Politics & Government

Senate committee probes why sentencing error didn’t get fixed faster

Washington state Corrections Secretary Dan Pacholke, right, and Deputy Secretary Jody Becker-Green, left, listen to testimony Monday in Olympia, Wash., during a Senate Law and Justice Committee hearing to investigate a software coding error at the DOC that led to the early release of up to 3,200 prisoners in Washington state since 2002 because of miscalculated sentences.
Washington state Corrections Secretary Dan Pacholke, right, and Deputy Secretary Jody Becker-Green, left, listen to testimony Monday in Olympia, Wash., during a Senate Law and Justice Committee hearing to investigate a software coding error at the DOC that led to the early release of up to 3,200 prisoners in Washington state since 2002 because of miscalculated sentences. The Associated Press

A records manager and a technology specialist flagged an error in calculating inmate release dates as a priority to fix, but the error persisted as thousands of inmates were released early.

The Department of Corrections workers testified under oath Monday in front of a state Senate committee investigating the error.

Matthew Mirante, Sr., a Boeing truck driver from Kent, told senators he did a simple five-minute calculation in December 2012 to figure out that his son’s attacker, Curtis Robinson, was due to be released on the wrong date. But translating that into a computer algorithm for calculating release dates proved much more difficult and would take until last month.

Sen. Steve O’Ban said Corrections failed to prioritize technology projects properly, which he called a “basic breakdown at the management level.”

“I think it’s unconscionable that there was not a panel or group that was constituted to triage these things,” O’Ban, R-Tacoma, told reporters.

The agency recently created a group to do prioritization, known as the “tiger team,” information-technology specialist Sue Schuler told lawmakers.

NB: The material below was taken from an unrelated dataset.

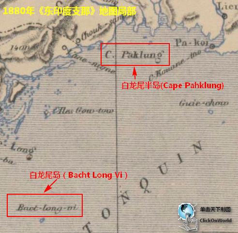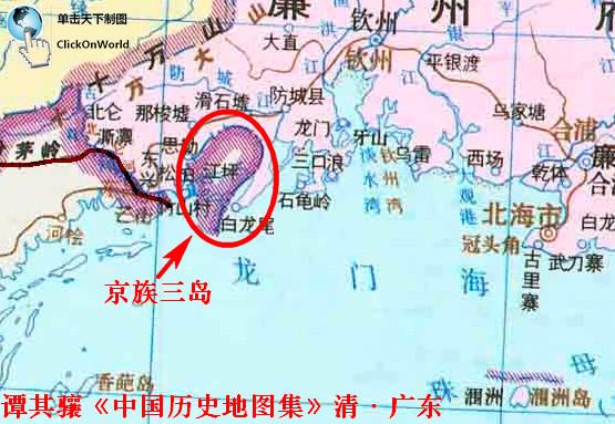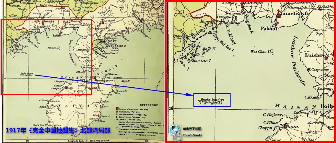 上图虽然含糊不清的在北部湾画出了几个小岛,但一方面没有白龙尾岛准确位置相符的,另一方面也没用标注出该岛。

That happened under a new Corrections chief information officer and a new top boss, Secretary Dan Pacholke, who announced plans to step down in the wake of lawmakers’ investigation of the sentencing error. Two ex-inmates were charged with homicides committed while they should have been in prison.

Pacholke found upon taking over that there was less “rigor” in the part of the agency that handles technology than in the part he had led that runs prisons and other operations, spokesman Jeremy Barclay said. Correcting that problem is a work in progress, Barclay said.

Dozens of technology requests competed for attention in 2013 as the sentencing error was delayed.

Sen. Jamie Pedersen said the jury is still out on whether there was a failure to prioritize.

“I don’t think we’ve heard yet from the people who would have the answer to that question,” Pedersen, D-Seattle, said.

Schuler and records administrator Wendy Stigall testified voluntarily Monday before the Senate Law and Justice Committee about their efforts starting in December 2012 to solve the programming error that happened during the 2002 implementation of a court decision.

Stigall put in the request Dec. 27, 2012, and called for it to be done “ASAP” — as soon as possible.

“It was important. It was releases,” Stigall said.

Schuler said she too saw the project as important, though she didn’t see a list Stigall prepared showing it could affect thousands of inmates. Schuler believed hundreds of releases could be affected.

“Any time that you’re going to impact 100 offenders, it is kind of something we’d like to see done as quickly as possible,” Schuler said.

Schuler assigned the project a level 2 severity that she said was the second-highest priority level possible, next to fixing a system shutdown. Records show level 2 indicates “serious impact.”

At some point later, the project was downgraded to a level 3 severity, “moderate impact.” Schuler said she received a directive that downgraded a whole category of projects including that one, but she didn’t know why.

According to definitions provided by Corrections, “Severity 2: Significant business impact — indicates the program is usable but is severely limited. Work around is not user friendly. Severity 3: Some business impact — indicates the program is usable with less significant features (not critical to operations) unavailable. A work around exists.”

The project did receive “must-fix” status after it was delayed from one software maintenance update to the next, Schuler said. Still, it didn’t happen.

Assistant Attorney General Ronda Larson, who is stepping down next week, told senators she regrets her legal advice in 2012 that it wasn’t necessary to check every release date by hand while awaiting a programming solution. She said she didn’t realize how many releases were affected and how long it would take to fix.

Senators released thousands of pages of records Monday that Corrections had turned over in response to a subpoena. A lawyer is investigating on behalf of the Senate committee, which Democrats say risks duplicating a probe by investigators appointed by Gov. Jay Inslee.

Inslee said Monday that investigation is finished and he would make the results public this week after deciding on next steps, including personnel actions.